Partial results that correspond to the ``outputOfInitForComputeStep3`` and ``offsets`` Partial Result IDs
should be transferred to :ref:`Step 3 of the distributed ALS training algorithm `.
Output of Initialization for Computing Step 3 (``outputOfInitForComputeStep3``) is a key-value data collection
that maps components of the partial model on the :math:`i`-th node to all local nodes.
Keys in this data collection are indices of the nodes and the value that corresponds to each key i
is a numeric table that contains indices of the user factors to be transferred to the i-th node
on :ref:`Step 3 of the distributed ALS training algorithm `.
Item Offsets (``offsets``) is a key-value data collection,
where the keys are indices of the nodes and the value that correspond to the key :math:`i` is a numeric table of size :math:`1 \times 1`
that contains the value of the starting offset of the item factors stored on the :math:`i`-th node.
For more details, see :ref:`algorithms`.
.. tabularcolumns:: |\Y{0.2}|\Y{0.8}|
.. list-table:: Output for Implicit Alternating Least Squares Initialization (Distributed Processing, Step 2)
:widths: 10 60
:header-rows: 1
:class: longtable
* - Partial Result ID
- Result
* - ``dataRowSlice``
- An :math:`m_j \times n` numeric table with the mining data.

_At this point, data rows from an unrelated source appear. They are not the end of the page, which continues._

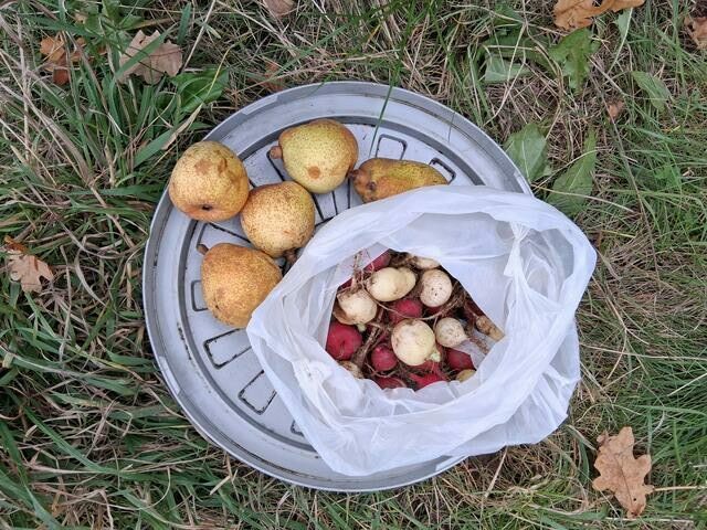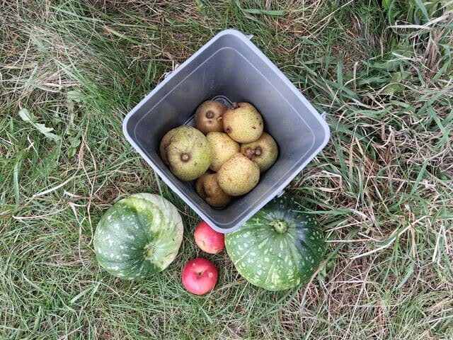 Manželka ještě posbírala pod stromem pár hrušek a vzali jsme i dva dýně, které jsme nesklidili minulý týden při řádné sklizni. Nebyli ještě dost zralé, tak jsme je nechali na zahradě. Protože teď dýně pomrzly, tak už určitě více nedorostou. Samotné plody vypadali celkem dobře, tak jsme je vzali domů, že je zkusíme nějak využít. Než jsme se k tomu dostali, tak dýně začali plesnivět. Jedna hned první týden a další týden druhá. Takže jsme je obě vyhodili.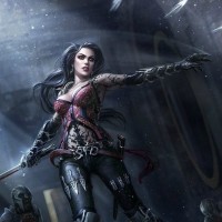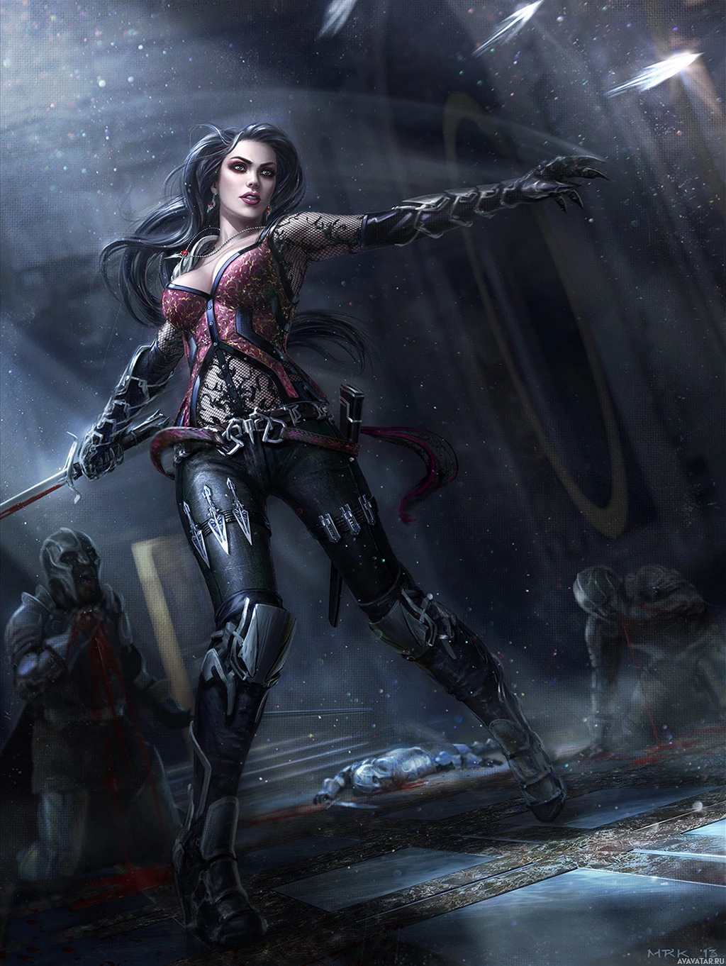 dark hair, is wearing a tight-fitting outfit with leather elements and intricate detailing, including what seems to be armor or protective gear. In her left hand, she holds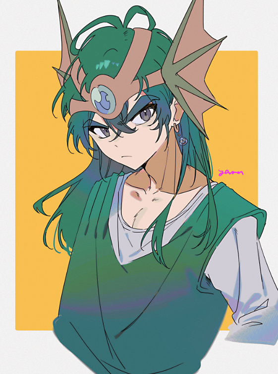 1boy :/ blue_gem border closed_mouth commentary cropped_arm cropped_torso dragon_quest dragon_quest_iv earrings fins gem gold_helmet green_hair green_tunic grey_eyes hair_between_eyes head_fins helmet hero_(dq4) jewelry layered_clothes long_hair long_sleeves looking_at_viewer male_focus shirt signature single_earring solo thick_eyebrows tunic undershirt white_border white_shirt yasaikakiage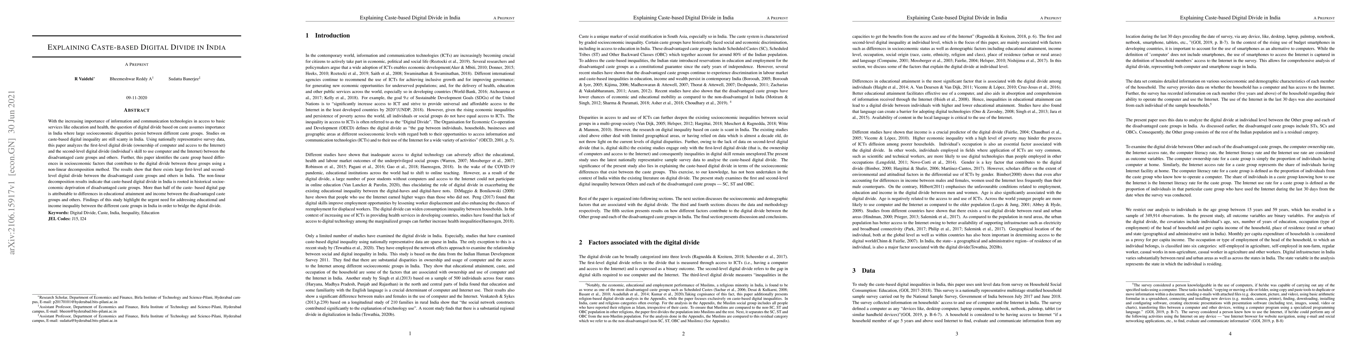 With the increasing importance of information and communication technologies in access to basic services like education and health, the question of the digital divide based on caste assumes importance in India where large socioeconomic disparities persist between different caste groups. Studies on caste-based digital inequality are still scanty in India. Using nationally representative survey data, this paper analyzes the first-level digital divide (ownership of computer and access to the internet) and the second-level digital divide (individual's skill to use computer and the internet) between the disadvantaged caste group and the others. Further, this paper identifies the caste group-based differences in socioeconomic factors that contribute to the digital divide between these groups using a non-linear decomposition method. The results show that there exists a large first-level and second-level digital divide between the disadvantaged caste groups and others in India. The non-linear decomposition results indicate that the caste-based digital divide in India is rooted in historical socioeconomic deprivation of disadvantaged caste groups. More than half of the caste-based digital gap is attributable to differences in educational attainment and income between the disadvantaged caste groups and others. The findings of this study highlight the urgent need for addressing educational and income inequality between the different caste groups in India in order to bridge the digital divide.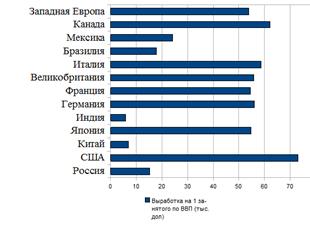 Что касается производительности труда (рисунок 8), то по этому показателю Россия отстает от США практически в 5 раз, от Канады — в 4 раза, от основных стран Западной Европы и Японии — примерно в 3,5–3,7 раза, от Мексики — на 36 %, от Бразилии — на 14 %. Зато мы вдвое превосходим Китай и почти втрое — Индию. В 2003 году доходы населения составляли в России в среднедушевом выражении 4 690 дол., то есть 95 % от среднемирового уровня. Личные доходы в расчете на душу населения в России равнялись 17,9 % от уровня США, 28,8 % от уровня Германии, 29,7 % от уровня Японии и 211,7 % от уровня Китая. После дефолта 1998 года и резкой девальвации рубля в России начался рост производства. Но экономический рост носит экстенсивный характер и происходит прежде всего за счет традиционной неконкурентоспособной продукции. Россия почти не производит современной и высококачественной конкурентоспособной продукции массового спроса гражданского, т. е. невоенного, назначения. Более того, в отличие от новых индустриальных стран и таких крупных развивающихся стран, как Бразилия, Индия и тем более Китай, Россия пока не сумела пробиться на широкий мировой рынок, занять собственные надежные ниши по поставкам готовой, а не сырьевой промышленной и сельскохозяйственной продукции. Россия остается также и страной не доведенных до конца реформ. Большинство неудач в сфере российской экономики и ее реформирования было обусловлено слабостью институтов власти, отсутствием необходимой политической воли к созданию истинно эффективной рыночной экономики и формированию демократического строя. Недостаточный профессионализм, неграмотность и неопределенность в принятии решений, бездеятельность, а порой и прямой саботаж при их выполнении на разных уровнях государственной власти, слияние последней с финансовой и частнопредпринимательской средой превратились в обычное явление в системе нынешнего управления в России. Все это не может не сказаться самым негативным образом на характере развития нашей экономики. [7, 9, 11]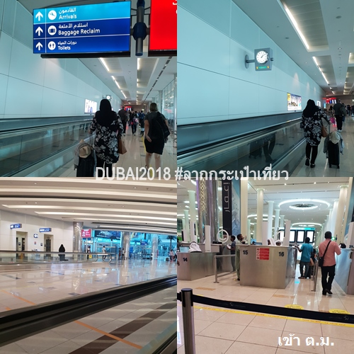ลงจากเครื่องมาก็ สว่างจ้า เลย ถึงตอน 13:00 ตรง ของดูไบ เวลาที่นี่จะช้ากว่าไทย 3 ชม นะ ถึงแล้วก็เข้า ต.ม. ตรวจ คนเข้าเมือง ฮ่ะ สนามบินที่นี่ใหญ่มาก กว้างมาก อลังมาก นาฬิกา Rolex ดู ธรรมดาไปเลยจ้า 5555+ สุดของที่สุดจริงๆ เอ้อ ที่สำคัญ เน็ตฟรี นะ ฟรี ทั้งเมือง อ่านไม่ผิดค่ะ ฟรี จริงๆ ใช้ได้ทุกที่ ตั้งแต่เครื่องบินยันถึง สนามบินเลยจ้า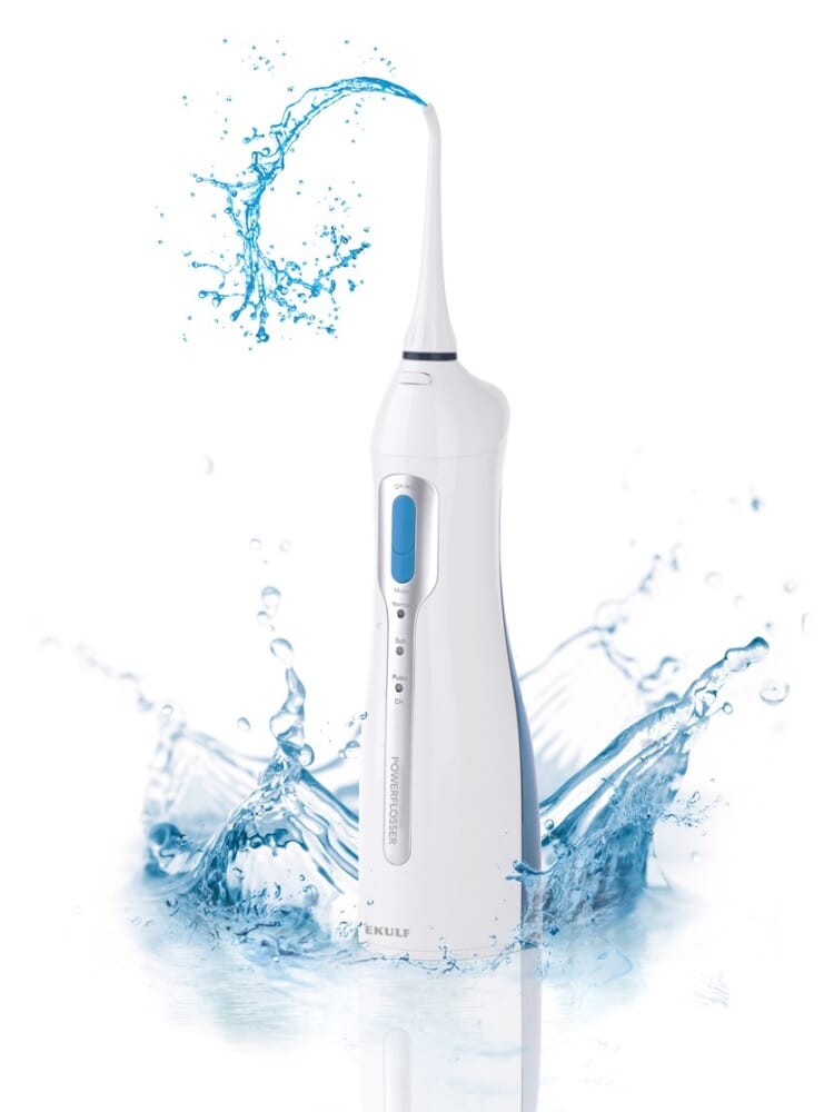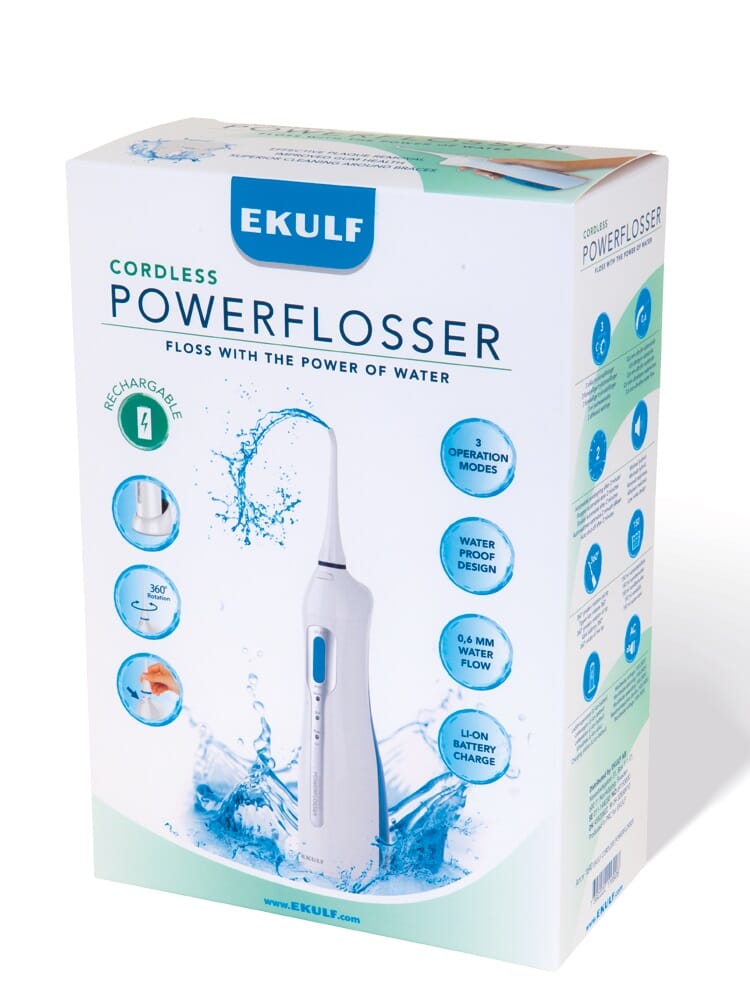 EKULF PowerFlosser Cordless fjerner plakk og bakterier mellom tennene og dypt ned i tannkjøttlommene der vanlig tanntråd ikke kommer til. Vannstrålen (0,6 mm tykk) pulserer 1400 ganger pr minutt, masserer tannkjøttet og gir en økt blodsirkulasjon. Holder tannkjøttet ditt friskt og sterkt og er mere skånsom enn tradisjonell tanntråd. Tippen kan roteres 360 grader og strålen gjør det enklere å rengjøre rundt tannreguleringer, broer og implantater. Vannbeholderen rommer 1,5 dl vann og lades via en ladningsstasjon, (li-on batteri) for lettvint bruk på badet. Powerflosseren har automatisk avstengning etter 2 minutter og har et minimalt lydnivå.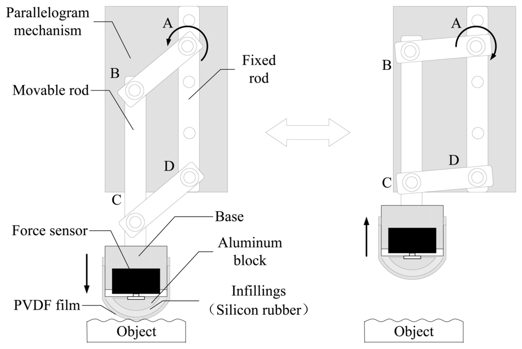 The parallelogram mechanism is designed to ensure that the sensor is pressed perpendicularly to the surface of the object. It has three movable rods and one fixed rod connected to the motor shaft in point A of Figure 2. When the motor shaft rotates anticlockwise, the sensor will go down slowly to contact the surface along the vertical direction. Meanwhile, the contact force is detected by the installed force sensor. As soon as the contact force reaches a certain value, the motor will stop. Then the contact force between the sensor and the surface won't be changed owing to self-locking function of the motor. Here, we use a FSG1500g touch force sensor manufactured by the Honeywell Corporation (Morristown, NJ, USA) to measure the normal contact force between the PVDF film and the surface of objects. Its measuring range is 15 N with a measurement precision of 0.5% F.S., and its resistance to overload reaches 55 N.

:math:`j`-th node gets :math:`m_j` rows of the full input data set :math:`R`.
* - ``outputOfInitForComputeStep3``
- A key-value data collection that maps components of the partial model to the local nodes.
* - ``offsets``
- A key-value data collection of size ``nblocks`` that holds the starting offsets of the factor indices on each node.